Washington: The largest asteroid to visit Earth in 2021 passes our planet on Sunday March 21 at a speed of around 124,000 km / h.
Although this speed is faster than the speed at which most asteroids encounter Earth, there is no threat of collision with our planet, NASA said earlier this month.
Called 2001 FO32, the near-Earth asteroid will make its closest approach at a distance of about two million kilometers.
“The reason for the asteroid’s unusually fast close approach is its strongly tilted and elongated (or eccentric) orbit around the Sun, an orbit tilted 39 degrees from the Earth’s orbital plane,” NASA said.
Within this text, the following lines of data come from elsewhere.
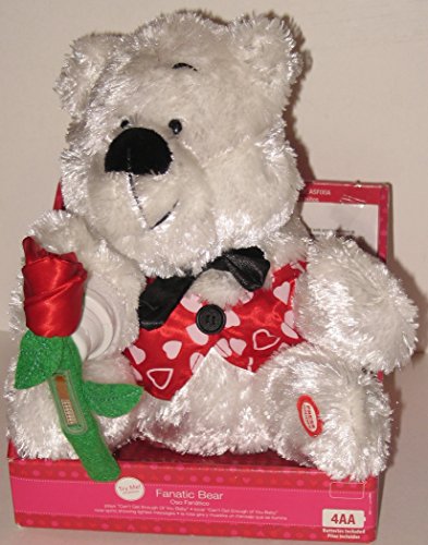 -. Binding : Toy -. Brand : Walmart -. EAN : 0086786418383 -. Feature : Plays "I Can't Get Enough of You Baby" / Rose Spins and Shows Lighted Messages - I LOVE YOU, YOURE THE GREATEST, HEARTS / Uses 4 - AA Batteries (included) -. IsAdultProduct : 0 -. ItemPartNumber : 05314 -. Label : Walmart -. Manufacturer : Walmart -. MPN : 05314 -. PackageQuantity : 1 -. PartNumber : 05314 -. ProductGroup : Toy -. ProductTypeName : TOYS_AND_GAMES -. Publisher : Walmart -. Studio : Walmart -. Title : Fanatic Bear Plays I Can't Get Enough of You Baby with Spinning Rose that Displays Lighted Messages Valentines Gift -. UPC : 086786418383
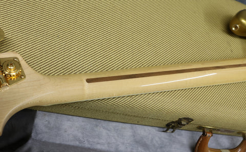 There are a few small nicks & dings around the edge of the body with a slightly larger patch of wear on the edge of the upper body contour. The neck and headstock are extremely clean as is the fretboard. The neck has binding & black side-dots. Maple fingerboard with black dot inlays. Frets are in great shape with very little wear & plenty of life in them. Headstock decals are very clean & gold Fender tuners are in perfect working condition. 1 1/2" nut width; 34" scale length. The neck is straight & truss rod is functioning.
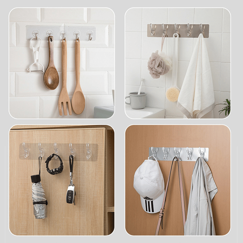 Adhesive Hooks: 1 set of 6 non-damaged hooks, no nails or drilling required. Waterproof, oil-proof, high and low

“This orbit brings the asteroid closer to the Sun than Mercury and twice as far from the Sun as Mars.”
The asteroid is about 0.8 to 1.7 km in diameter, according to a report published in Live Science.
“We have known very precisely the orbital trajectory of the 2001 FO32 around the Sun since its discovery 20 years ago and we have followed it since,” said Paul Chodas, director of the Center for Studies on Near Earth Objects. (CNEOS), which is operated by NASA’s Jet Propulsion Laboratory in Southern California, said in a statement.
“There is no chance that the asteroid will approach Earth within 1.25 million kilometers.”
However, this distance is close in astronomical terms, which is why 2001 FO32 has been designated a “potentially dangerous asteroid”.